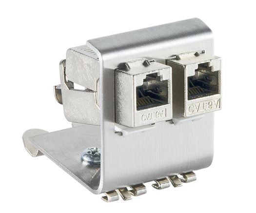RJ45 DIN-skinneadapter for 2xRJ45 Keystone-moduler Metall
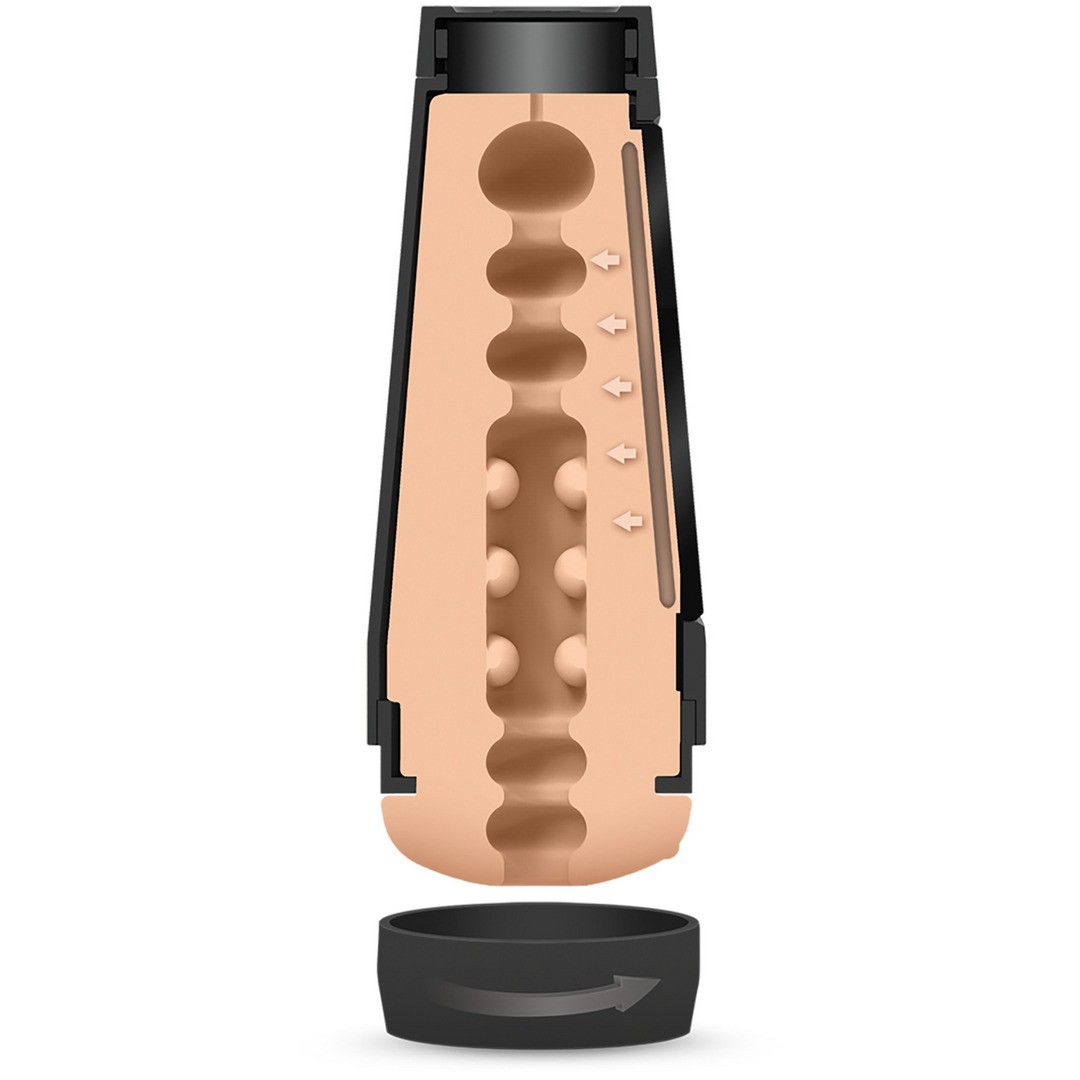 Il realistico ULTRASKYN testurizzato si riscalda al tatto, la piastra di serraggio consente di regolare la pressione e il coperchio girevole regola la forza di suzione.
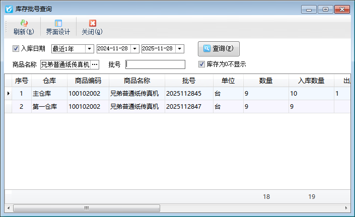 “库存批号查询”界面支持按入库日期、商品名称、批号等条件进行检索。方便批号比较多时快速检索出此批号商品。
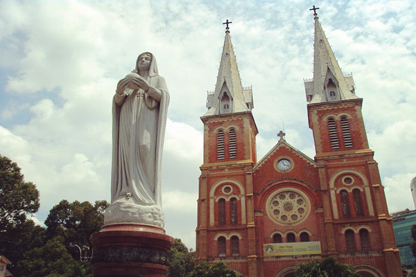 來到胡志明市,怎可錯過殖民時期所遺留下的古蹟建築!座落在第一郡的西貢聖母大教堂,或稱紅教堂,是市區內的知名地標。這座百年紅磚建築,建於法國統治越南時期,仿造巴黎聖母院的鐘樓,兩座鐘樓與教堂前面的花園廣場,洋溢著明快浪漫的法式氛圍。
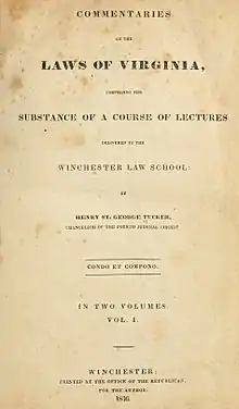 Using his father St. George Tucker's copies of Blackstone's Commentaries as the basis for his instruction, Henry Tucker lectured three days each week and gave his students regular quizzes to test their knowledge. In addition, he prepared, edited and published Tucker's Notes on Blackstone's Commentaries for the Use of Students. Tucker's Commentaries provided the current state and federal law on each point covered by Blackstone, and was widely used because it focused on United States common law rather than English legal and political theory.[3]
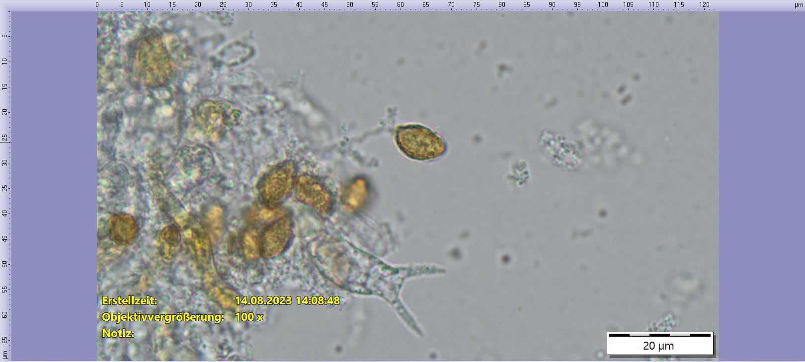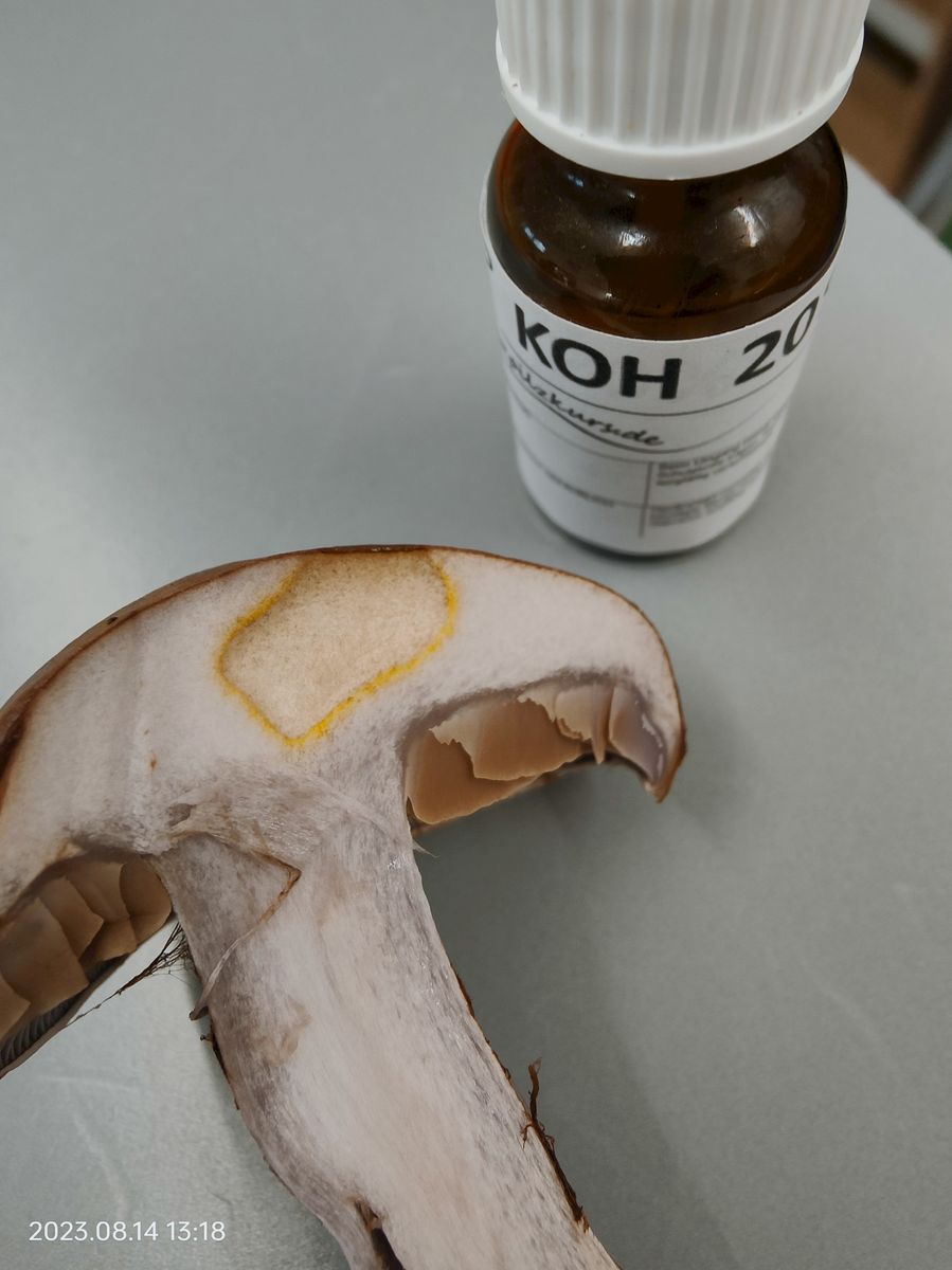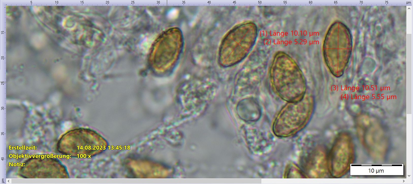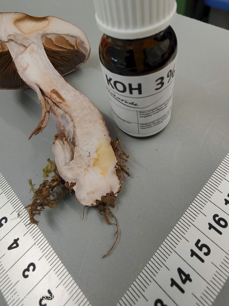 Die KOH Reaktion mit deutlich gelber Verfärbung und die Sporenmassen passen auch dazu.
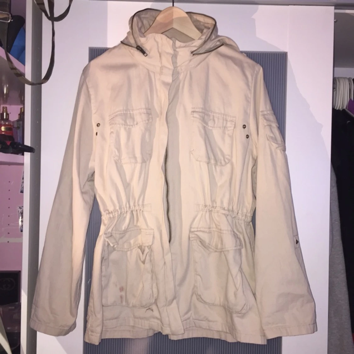 Beige jacka med dragkedja för luvan ifall man inte vill ha luva :) liten fläck vid ena fickan som går att tvätta bort. Kan spännas åt vid midjan men även ha den löst, passar en S, M och L beroende på hur tight man vill ha den :)
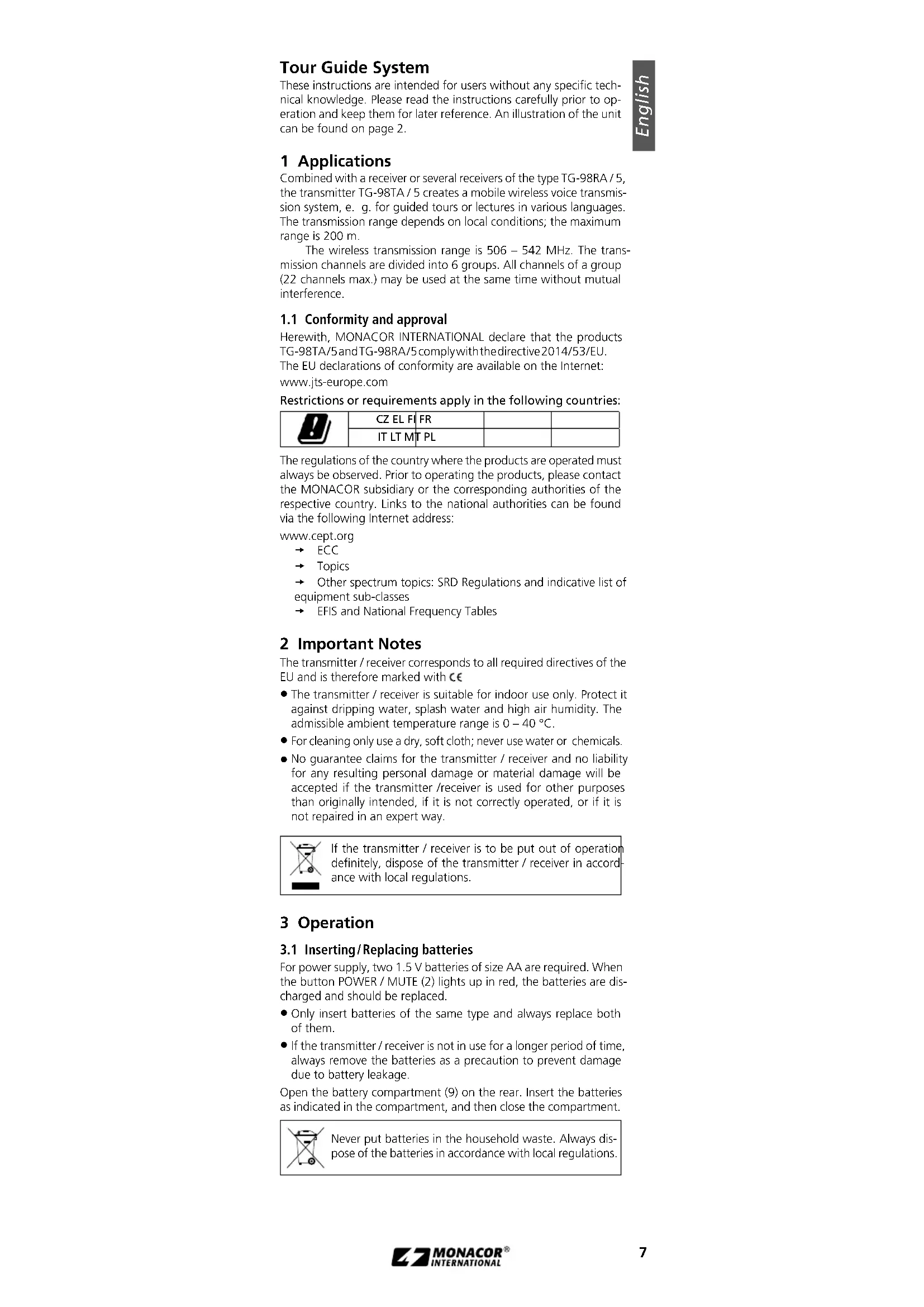 Herewith, MONACOR INTERNATIONAL declare that the products TG-98TA / 5 and TG-98RA / 5 comply with the directive 2014 / 53 / EU. The EU declarations of conformity are available on the Internet:www.jts-europe.comRestrictions or requirements apply in the following countries:CZ EL FI FRIT LT MT PLThe regulations of the country where the products are operated must always be observed. Prior to operating the products, please contact the MONACOR subsidiary or the corresponding authorities of the respective country. Links to the national authorities can be found via the following Internet address:www.cept.org t ECC t Topics t Other spectrum topics: SRD Regulations and indicative list of equipment sub-classes t EFIS and National Frequency Tables 2 Important Notes The transmitter / receiver corresponds to all required directives of the EU and is therefore marked with . The transmitter / receiver is suitable for indoor use only. Protect it against dripping water, splash water and high air humidity. The admissible ambient temperature range is 0 – 40 °C. For cleaning only use a dry, soft cloth; never use water or chemicals. No guarantee claims for the transmitter / receiver and no liability for any resulting personal damage or material damage will be accepted if the transmitter / receiver is used for other purposes than originally intended, if it is not correctly operated, or if it is not repaired in an expert way.If the transmitter / receiver is to be put out of operation definitely, dispose of the transmitter / receiver in accord-ance with local regulations. 3 Operation
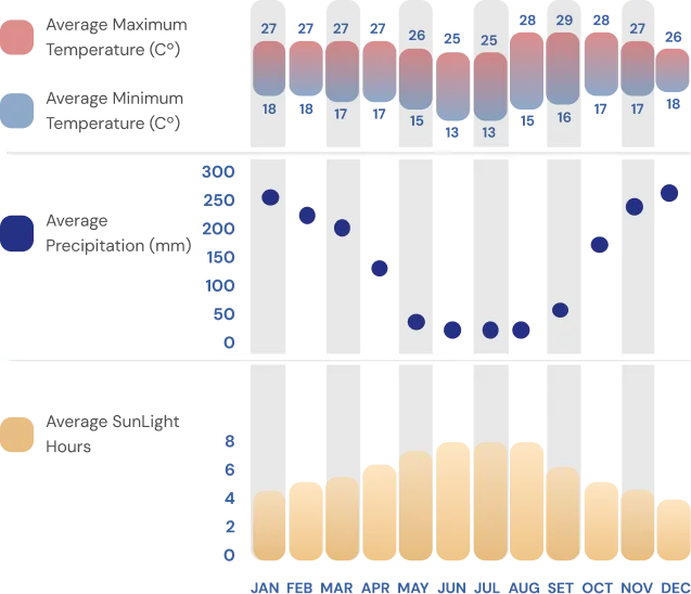 The climate in Brasília is tropical and offers warm to hot temperatures. Between October and April there is a lot of rain in Brasília. From May to September, the amount of precipitation is much lower and the weather is mostly warm to hot. Only at night can it get a little cooler sometimes. The maximum amount of daily sunlight also awaits you during the dry season.
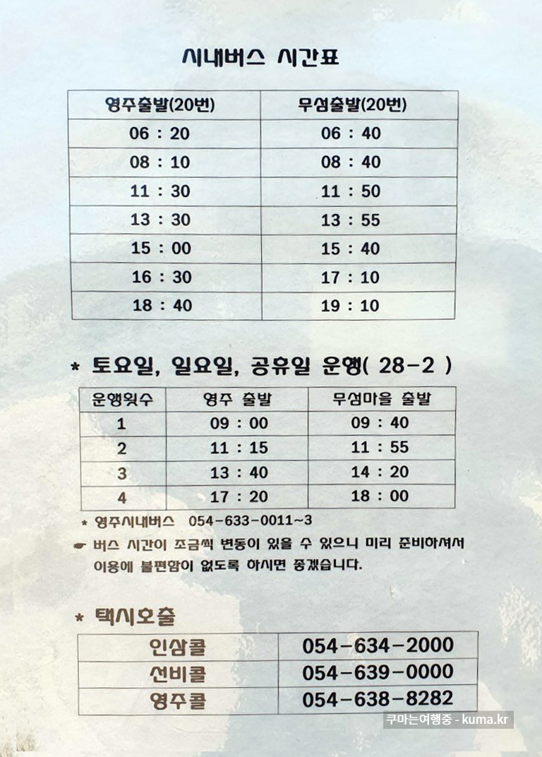 영주역 에서 직통으로 무섬마을로 데려다줄 28-2번 버스가
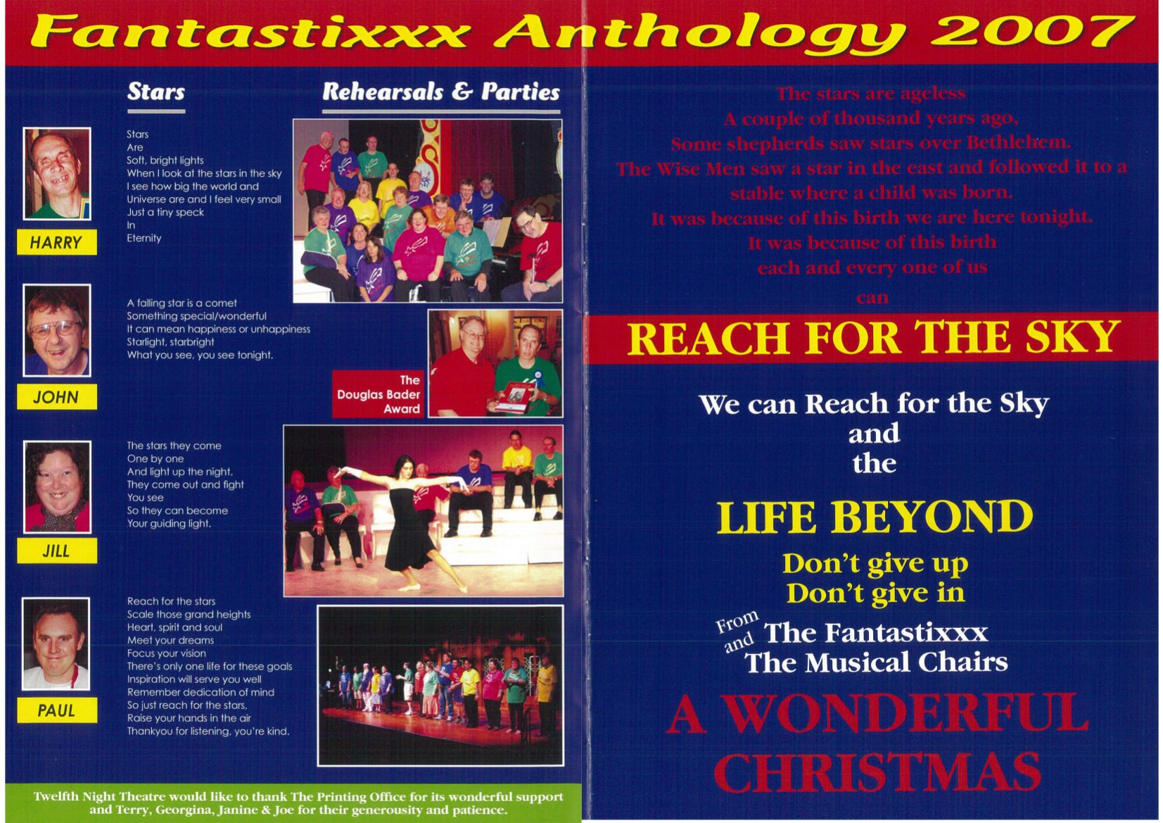 Bader was an inspiration and his courage remained a key motif for members of the group. Their first public performance at Twelfth Night Theatre, with the extraordinarily talented group, The Musical Chairs, was launched and titled Reach for the Sky.
^^^^^^^^
Copy only these lines from the records above, exactly: the one with "Using his father", the one with "Beige jacka med", and those between. Skip the pictures.

OUTPUT OF THE TASK –
 Using his father St. George Tucker's copies of Blackstone's Commentaries as the basis for his instruction, Henry Tucker lectured three days each week and gave his students regular quizzes to test their knowledge. In addition, he prepared, edited and published Tucker's Notes on Blackstone's Commentaries for the Use of Students. Tucker's Commentaries provided the current state and federal law on each point covered by Blackstone, and was widely used because it focused on United States common law rather than English legal and political theory.[3]
 Die KOH Reaktion mit deutlich gelber Verfärbung und die Sporenmassen passen auch dazu.
 Beige jacka med dragkedja för luvan ifall man inte vill ha luva :) liten fläck vid ena fickan som går att tvätta bort. Kan spännas åt vid midjan men även ha den löst, passar en S, M och L beroende på hur tight man vill ha den :)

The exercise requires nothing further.